AI & data glossary
A plain-language reference to the terms that come up when you build with AI and data - written for the business reader deciding what to build, not the researcher writing the paper. If a word in one of our articles is unfamiliar, it is probably defined here.
AI agent
A software system that uses an AI model to take actions toward a goal - reading data, calling tools, and making decisions - rather than just answering a single question. The useful ones operate inside guardrails and hand off to a human at the steps that carry risk.
Context window
The amount of text a language model can consider at once, measured in tokens. Everything the model "sees" for a request - your instructions, the retrieved data, the conversation so far - has to fit inside it, which is why large documents are usually chunked and retrieved selectively.
Embedding
A list of numbers that captures the meaning of a piece of text so a computer can compare it to other text by similarity rather than exact words. Embeddings are what let a system find the passage that answers a question even when it uses none of the same words.
ETL / ELT
Two patterns for moving data: Extract, Transform, Load versus Extract, Load, Transform. The difference is whether you clean and reshape the data before or after it lands in the destination. Both are about turning scattered source data into something dependable to query.
Evaluation (evals)
The practice of measuring an AI system against a fixed set of test cases so quality is a number you can track instead of a feeling. Good evals catch regressions before users do and are the difference between "it seemed fine" and "it passed the suite".
Fine-tuning
Further training a pre-trained model on your own examples so it adapts to a specific tone, format, or task. It is one of two main ways to specialize a model - the other is retrieval - and the right choice depends on whether you need new behavior or new knowledge.
Governance
The controls that make an AI system accountable: who is allowed to do what, which actions require approval, and how every decision is recorded. Governance is what lets an automation you trust also be one you can defend when someone asks what happened.
Guardrails
Constraints placed between a model and the systems it can affect - input validation, allowed-action lists, output checks - so a wrong or manipulated model output cannot do real damage. Guardrails belong at the action boundary, not only in the user interface.
Hallucination
When a language model produces confident, fluent text that is factually wrong or invented. It happens because the model predicts plausible language, not verified truth, which is why grounding answers in real data and citing sources matters.
Human-in-the-loop
A design where a person reviews and approves an AI system's proposed action before it takes effect. It is the standard pattern for any workflow where a mistake is costly - the model recommends, the human decides, and the decision is logged.
Inference
The act of running a trained model to get an output - the step that happens every time a user sends a request. Inference is where ongoing cost and latency live, so controlling it (model choice, caching, batching) is central to running AI affordably.

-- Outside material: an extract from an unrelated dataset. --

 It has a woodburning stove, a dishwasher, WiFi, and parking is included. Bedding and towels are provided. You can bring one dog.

Large language model (LLM)
A model trained on vast amounts of text to predict and generate language. LLMs power chatbots, copilots, and agents, and can summarize, translate, classify, and write - but they reason over patterns in text, not a database of facts, which shapes how you must use them.
MLOps
The discipline of running machine-learning systems in production reliably: deployment, monitoring, versioning, and automated retraining. It is to ML what DevOps is to software - the difference between a model that works once and one that keeps working.
Prompt injection
An attack where untrusted data fed to a model contains hidden instructions that hijack its behavior - for example, text in a document that tells the model to ignore its rules. It is the AI equivalent of an injection vulnerability and is defended by treating external data as untrusted, never as instructions.

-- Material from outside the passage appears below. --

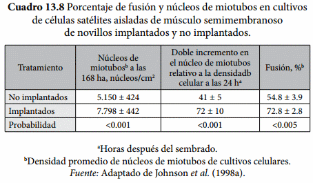 Estudios realizados por Johnson et al. (1998a) muestran que el músculo semimembranoso de novillos implantados con un combinado de tba y E2 presentaron mayor número de células satélite que novillos no implantados (Cuadro 13.8); y se considera que la proliferación de las células satélites y su fusión con la fibra muscular aportando adn, son críticas y limitantes para determinar la tasa y extensión del crecimiento muscular.

RAG (retrieval-augmented generation)
A technique that retrieves relevant passages from your own data and gives them to the model as context before it answers. RAG is how you get an LLM to answer from your documents accurately, with citations, without retraining it.
Token
The unit a language model reads and writes - roughly a word fragment. Models have token limits and are usually billed per token, so token count is both a technical constraint and the main lever on cost.
Vector database
A database built to store embeddings and find the most similar ones quickly. It is the retrieval engine behind RAG and semantic search - the component that, given a question, surfaces the handful of passages most likely to contain the answer.